• _Records shown_
· · · · ·
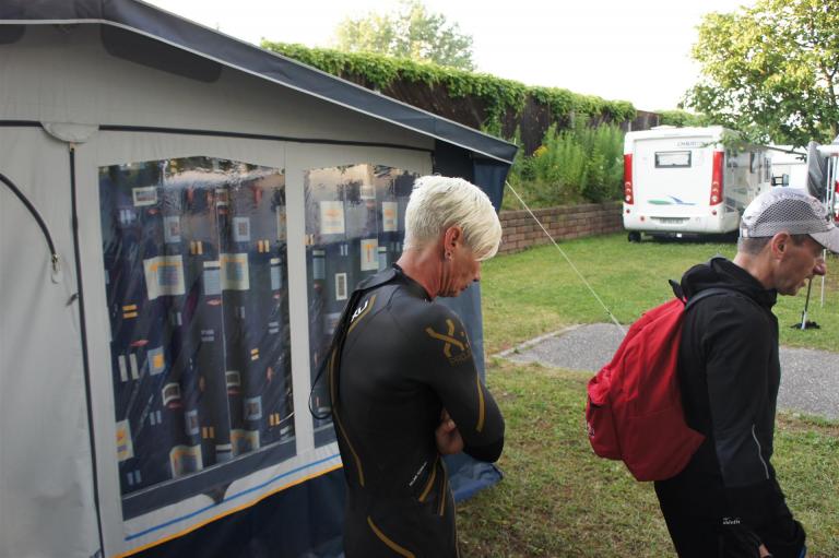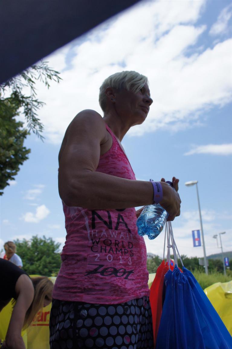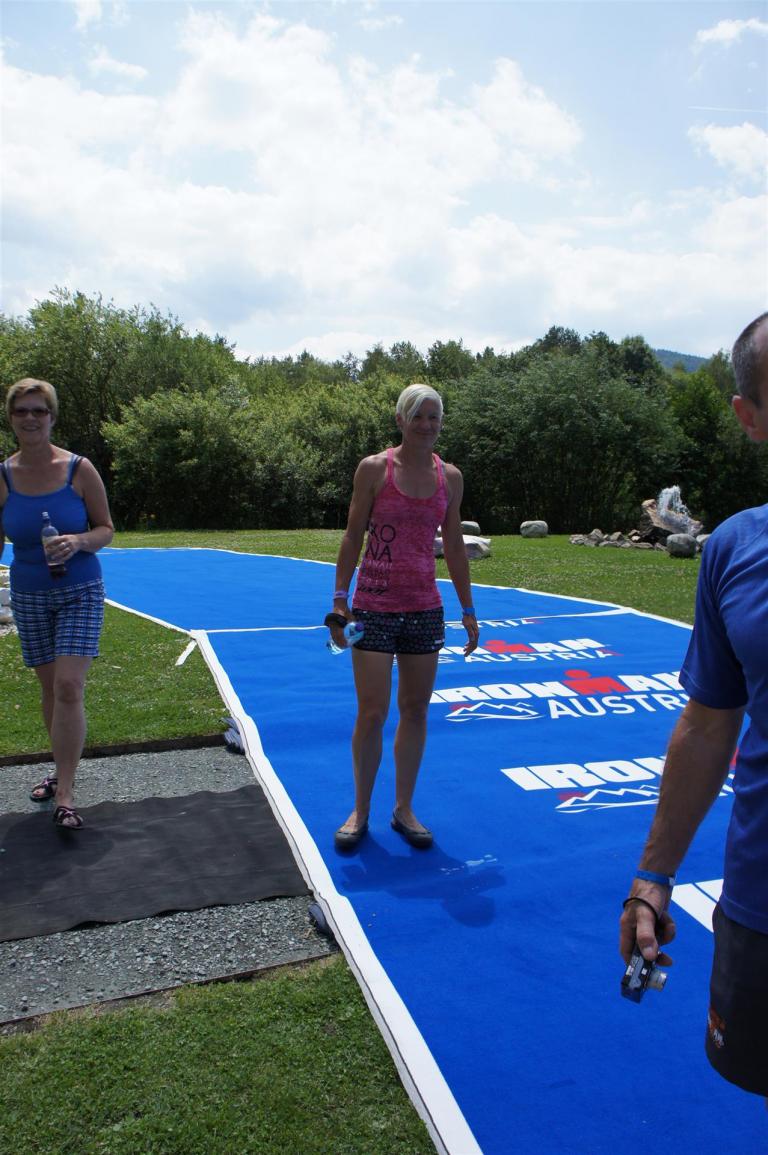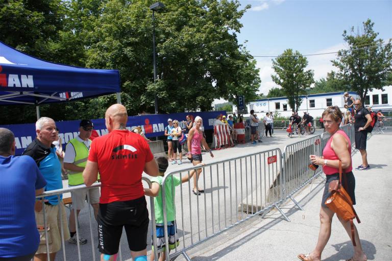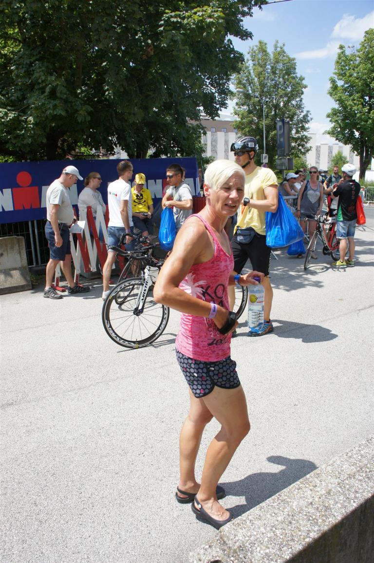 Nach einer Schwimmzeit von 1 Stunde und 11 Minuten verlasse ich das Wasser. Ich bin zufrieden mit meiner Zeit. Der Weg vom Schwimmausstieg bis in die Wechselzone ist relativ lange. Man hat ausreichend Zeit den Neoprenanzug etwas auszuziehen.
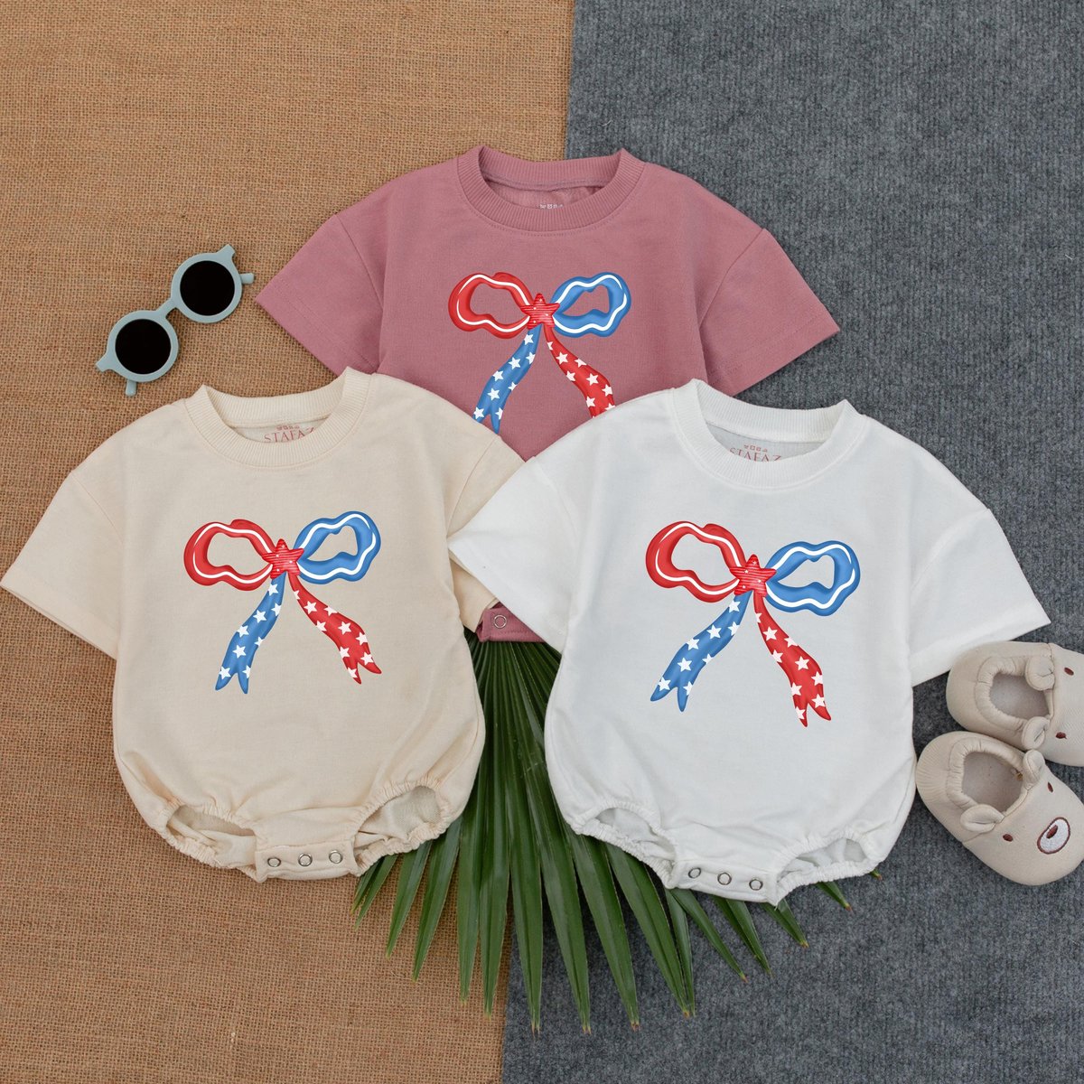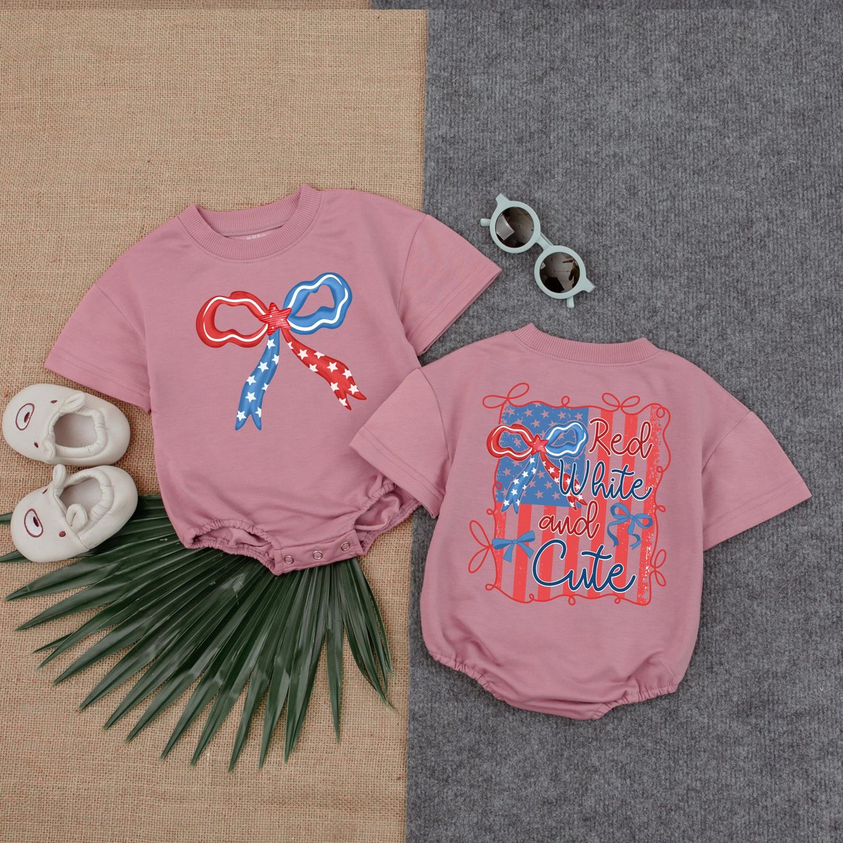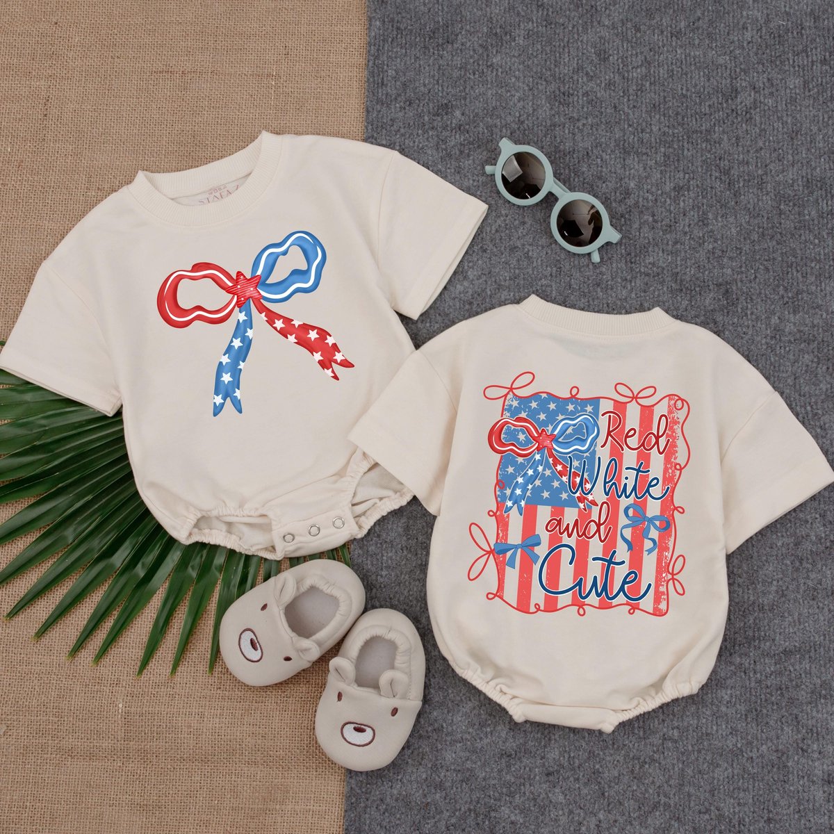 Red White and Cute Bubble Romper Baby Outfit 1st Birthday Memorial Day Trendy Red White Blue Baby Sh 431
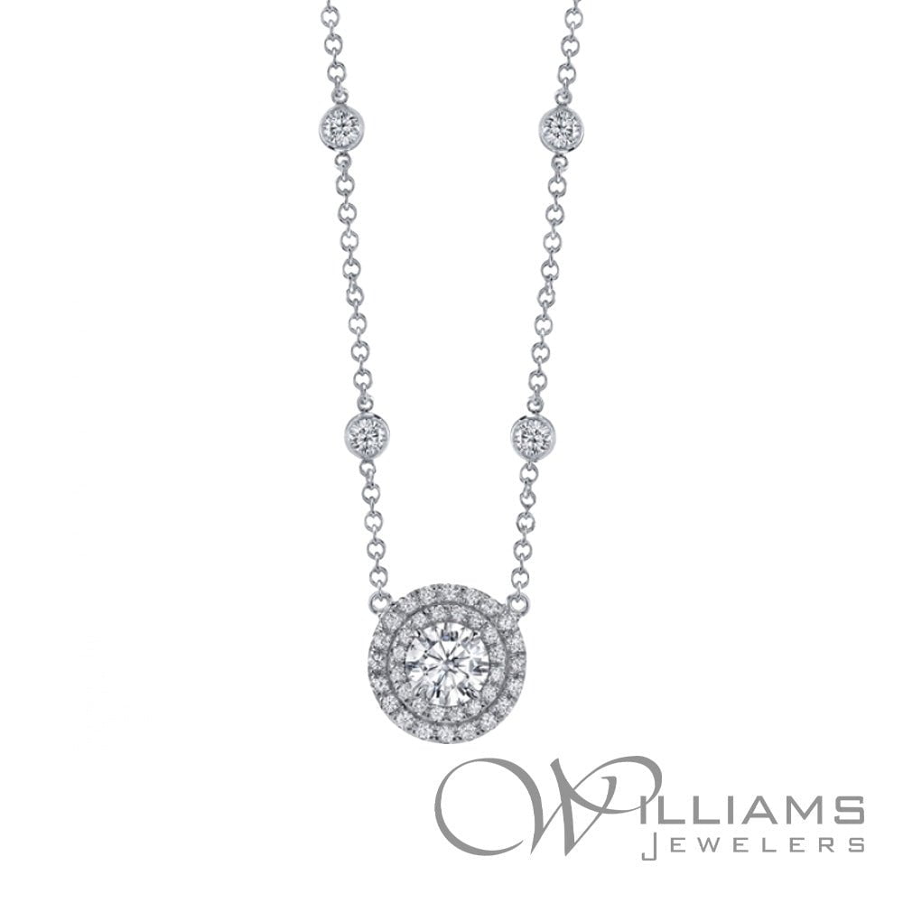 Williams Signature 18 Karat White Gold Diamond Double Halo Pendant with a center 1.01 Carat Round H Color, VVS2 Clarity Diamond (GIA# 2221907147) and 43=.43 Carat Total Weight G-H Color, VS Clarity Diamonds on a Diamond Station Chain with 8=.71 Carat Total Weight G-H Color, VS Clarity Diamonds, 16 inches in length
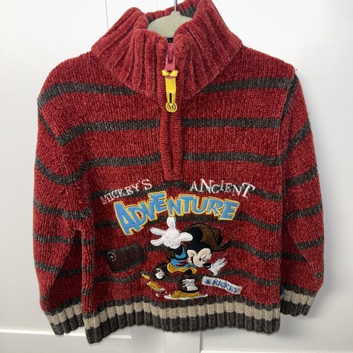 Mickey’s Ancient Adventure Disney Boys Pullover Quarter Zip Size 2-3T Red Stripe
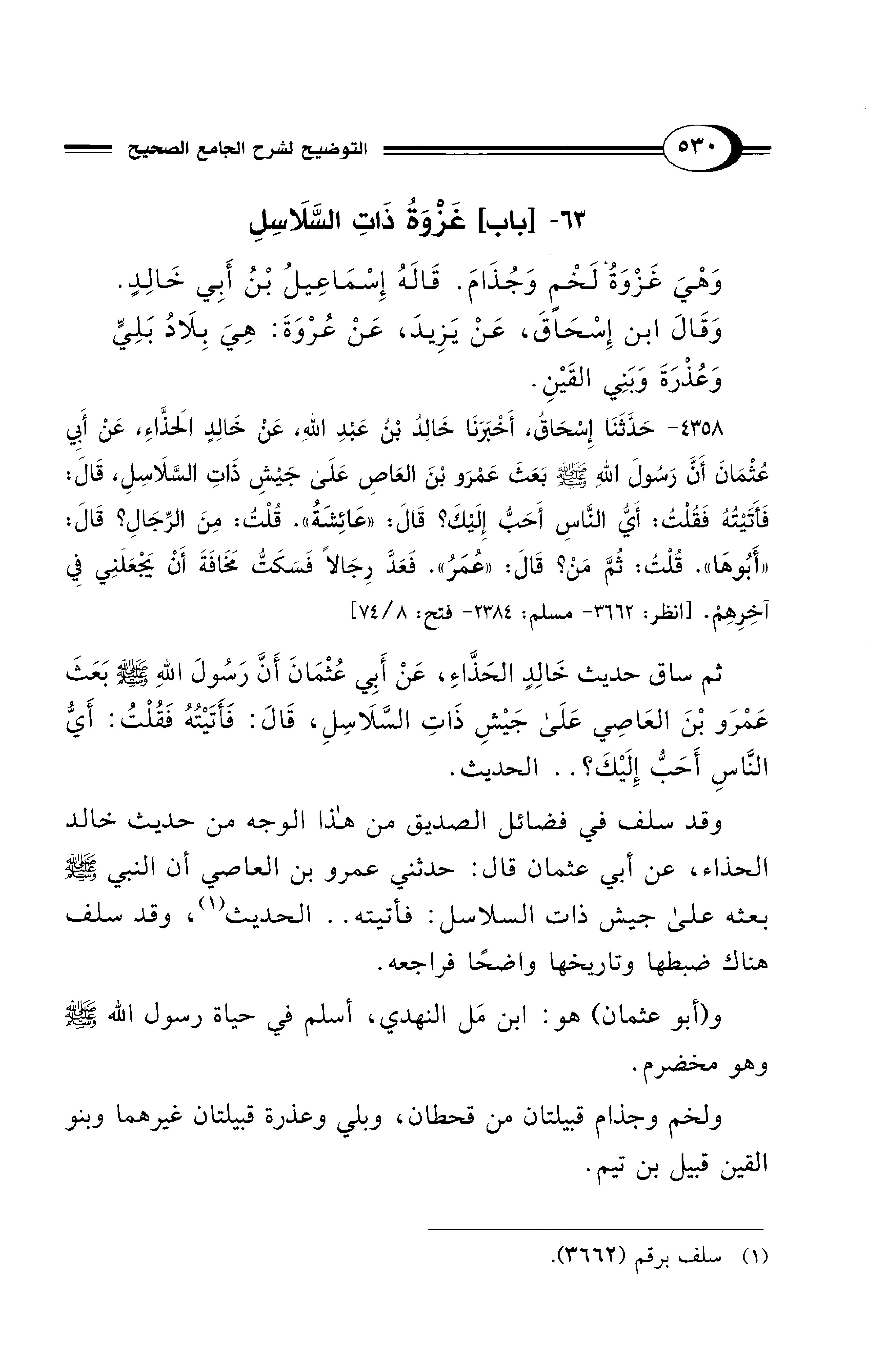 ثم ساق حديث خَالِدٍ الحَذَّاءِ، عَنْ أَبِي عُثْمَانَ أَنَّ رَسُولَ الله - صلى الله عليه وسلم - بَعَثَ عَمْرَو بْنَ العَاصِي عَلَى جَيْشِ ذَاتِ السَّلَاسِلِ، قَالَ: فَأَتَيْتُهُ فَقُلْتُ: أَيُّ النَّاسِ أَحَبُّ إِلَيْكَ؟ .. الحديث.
· · · · ·
From the material above, give again exactly the lines from the one that contains "Red White and" through the one that contains "Williams Signature 18", and leave out the pictures.

• _Your response_
 Red White and Cute Bubble Romper Baby Outfit 1st Birthday Memorial Day Trendy Red White Blue Baby Sh 431
 Williams Signature 18 Karat White Gold Diamond Double Halo Pendant with a center 1.01 Carat Round H Color, VVS2 Clarity Diamond (GIA# 2221907147) and 43=.43 Carat Total Weight G-H Color, VS Clarity Diamonds on a Diamond Station Chain with 8=.71 Carat Total Weight G-H Color, VS Clarity Diamonds, 16 inches in length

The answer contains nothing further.